Christianity in Afghanistan - Page 2
The Establishment of the Church in the Region of Afghanistan
In 224/6 AD Ardashir I and his army rebelled against their Parthian rulers and founded a new Persian dynasty called the Sassanids. Ardashir I expanded the boundaries east and west of his new kingdom by conquering Armenia and India.
Under this new dynasty were the Persian Christians who established themselves as a Persian church participating at first with the church in the west, or Rome and Constantinople, and later developing their independence both theologically and in governance. Many political and doctrinal issues were to create a great schism between the two churches, but the Persian church grew even when under great persecution by the Zoroastrian religious leaders as well as Persian kings.

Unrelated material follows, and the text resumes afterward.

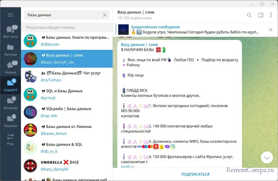 В Интернете можно встретить сайты, объявления на торговых площадках, группы в Телеграмм, где предлагается продажа клиентских баз данных.

After the great debate between the churches in the 5th and 6th centuries over the nature of Christ, it was the Persian church who adopted the doctrine of Bishop Nestorius 428, later called Nestorianism, and it was the Persian members who carried the message of Christ throughout the east, even as far as China.
Though the region of Afghanistan seems far from the larger Christian centers of Rome in Europe, Constantinople in Asia Minor, and Edessa and Nisibis in Persia, its members still played a role in at least the Persian church governance and also into the common rivalries among the religious leaders that created havoc in the church at the time.
During the council of Dadyeshu 424 A.D headed by the Patriarch Dadyeshu (421-456), who was head of the Eastern church, bishops and church leaders from throughout the Persian Empire assembled to discuss their future relationship with the church in the west. It was agreed by the council that the leadership of the Persian church was equal to that of the west and that they had the right to rule themselves. One of the members of the council was a bishop by the name of Afrid who is believed to have been a representative of the church stretching from Zaranj to Qandahar.
Mahumd Sistani, Afghan historian, gives details from a letter written in the 6th century in which a problem arose after the appointment of a new Bishop, Sergius, over five major cities in Eastern Persia. These cities were Zaranj, Farah, Khash, Bost, and Rokah or Qandahar, some of the cities which are in existance today in southern Afghanistan.
Another bishop, Afrid of Yazd, claimed that the election of Sergius was unfair and asked for the higher authorities in the Persian church to intervene. (Due to confusion of dates, it is not known if this is the same Afrid that participated in the council of Dadyeshu in 424 A.D.) After the claims of Afrid were reviewed the leaders of the church decided to divide the cities between the two bishops, giving Bishop Afrid of Yazd the cities of Azaraj, Farah, and Khash, and the Bishop Sergius the cities of Bost and Qandahar. Again the dates are confusing, but these events are believed to have occurred during the 5th or 6th century.
In other documents dated in the 6th century Christians in cities such as Herat and Balkh and names of church leaders are also mentioned. These are but a few accounts giving evidence of the existence of Christians and several Christian communities in the region.